Based on Treasury advice, we deployed short, medium and longer-term programs because nobody could tell how long what the rest of the world calls the Great Recession would last. Among developed economies, growth collapsed from +2.6 per cent to -3.4 per cent between 2007 and 2009.

That’s why we adopted an immediate $10.4 billion Economic Security Strategy: cash payments for households; a temporary investment allowance (worth an additional 10 per cent of the value of the asset) for businesses to bring forward capital investments; trebling the first-home owners’ allowance for new homes.

Each was part of an integrated strategy targeted on different elements of total final demand: private consumption representing 60 per cent of GDP, as well as private fixed capital investment and private residential construction. We later added a 20 per cent “carry over” for small businesses meeting their “pay as you go” tax obligations.

Phase two targeted public expenditure – a $4.7 billion Nation Building Plan including critical TAFE, university and rail projects which we announced two months later once Minister Albanese had done the preparatory work with the states.

Phase three was released in January 2009 – the year when most of the developed world would remain in recession. This was a $42 billion national building plan including a school modernisation program (which would end up building 3000 new classrooms, 3000 new school libraries and 3000 new multi-purpose facilities); a social housing program to build or renovate 100,000 units of affordable housing; an Energy Efficient Homes Program (including the insulation of 1.1 million homes); a new program for local roads, rural black spots and level crossings. And an increase in the temporary business investment allowance from 10 per cent to 30 per cent.

Morrison and Murdoch say this was too large. The truth is we calculated the quantum based on the estimated size of the contraction in GDP and we barely came through 2009 by the skin of our teeth. They also say it went too long. But in 2009-10 most developed countries were still languishing in recession.

Then there is old faithful: waste. Mind you, after sports rorts, a bit rich. But the implementation taskforce of the school modernisation program concluded it was well targeted. And Abbott’s royal commission into the insulation program found that four tragic deaths were the responsibility of subcontractors who failed to adhere to the law, for which they were prosecuted. It also found the rate of ceiling fires was no higher than had previously been the case.

But the proof of the pudding, as Morrison is about to discover, lies in the eating. Uniquely among major developed economies, we avoided recession; unemployment remained just over 5 per cent; no banks went under; no depositors lost their savings; and debt and deficit levels were among the lowest in the OECD as evidenced by the AAA ratings secured from all three ratings agencies.

As the OECD noted: ‘The effectiveness of the stimulus stemmed from the speed with which it was introduced.

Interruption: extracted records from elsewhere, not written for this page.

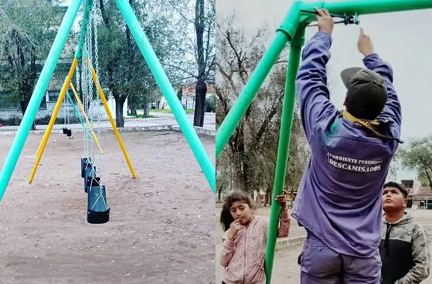 Personas nucleadas en el Programa Nacional de Inclusión Socioproductiva y Desarrollo Local Potenciar Trabajo, junto a la organización Descamisados, se acercaron a la plaza de barrio Belgrano y repusieron las hamacas que habían vandalizadas a menos de diez días de su reparación.
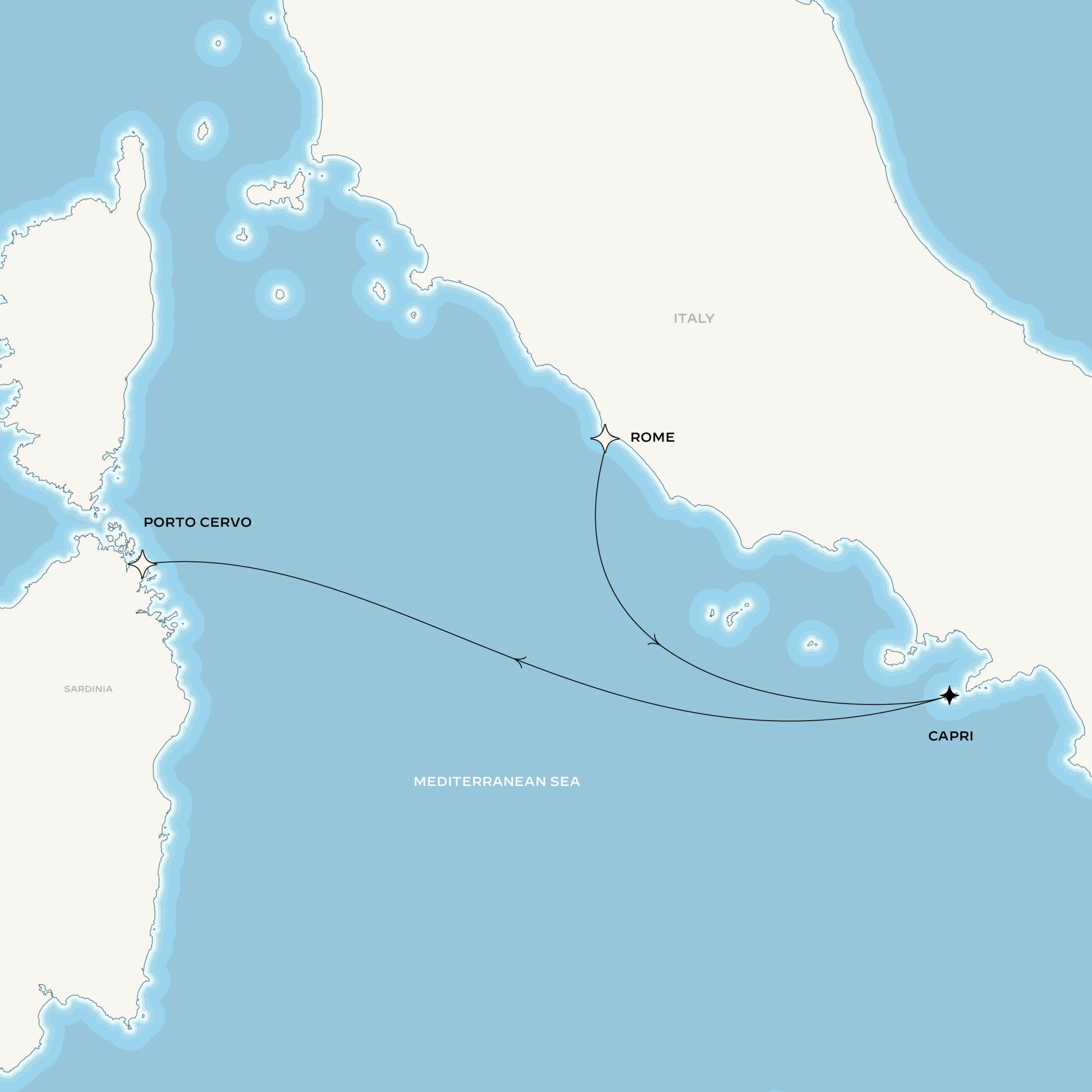 Partis de Rome, le vent vous portera jusqu’à Capri qui agit comme un aimant. Peut-être à cause du bleu de sa Grotta Azzura , de sa célèbre piazzetta, cernée de maisons blanchies à la chaux et de boutiques de luxe, là où se perpétue l’art d’observer sans être vu. Au terme de ce voyage, la luxueuse Porto Cervo vous ouvrira son Eden, dans une tout autre ambiance avec ses boutiques et sa marina prisée des plus beaux yachts.
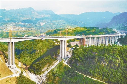 近日,由中鐵十七局集團承建的昭瀘高速公路中場河特大橋右幅中跨順利合龍。中場河特大橋為昭瀘高速公路項目6個控制性工程之一,橋梁單幅全長897米,是昭瀘高速公路全線跨度最大的連續剛構橋。橋梁跨越百米深溝,橋面距離溝底最深處150米,最高橋墩63米,最大懸澆節段混凝土重220噸,施工安全及技術難度大。
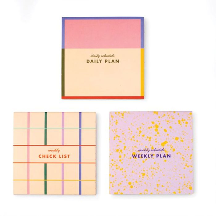 These colorful memos will keep you organized and on top of your goals.Includes 3 pads with 70 pages each: Daily Schedule, Weekly Check List, Weekly Pl
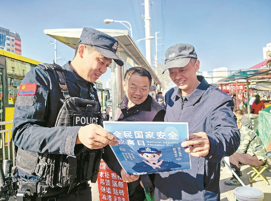 4月7日,乌鲁木齐市公安局特警七支队二大队民警向群众讲解国家安全知识。

This limited the weakening of demand in late 2008 and 2009.”

But Morrison, like his predecessors, has always depicted the stimulus strategy as the anti-Christ. It’s a mantra. They’ve never had the intellectual honesty to concede it actually worked. Had we not done it, the price of recession under them would have been a bigger collapse in revenues because of lower growth, a greater call on unemployment benefits, and still a big budget deficit and increased public debt. The truth, however, has never fitted the political script.

Despite the long-time urgings of the RBA, Morrison painted himself into a political corner of his own making by ruling out fiscal stimulus altogether. Then he ruled out cash payments. And now he has had to crab-walk away from both.

I fully accept it’s hard to see where this new crisis will end. Particularly its impact on cash flow in the most exposed industries. Multiple variables are at play. But wisdom lies in preserving all your policy options to deal with a crisis. Not to tie your policy hands because of what has always been nothing more than a political marketing ploy – the demonisation of stimulus. And Scotty from Marketing knows it.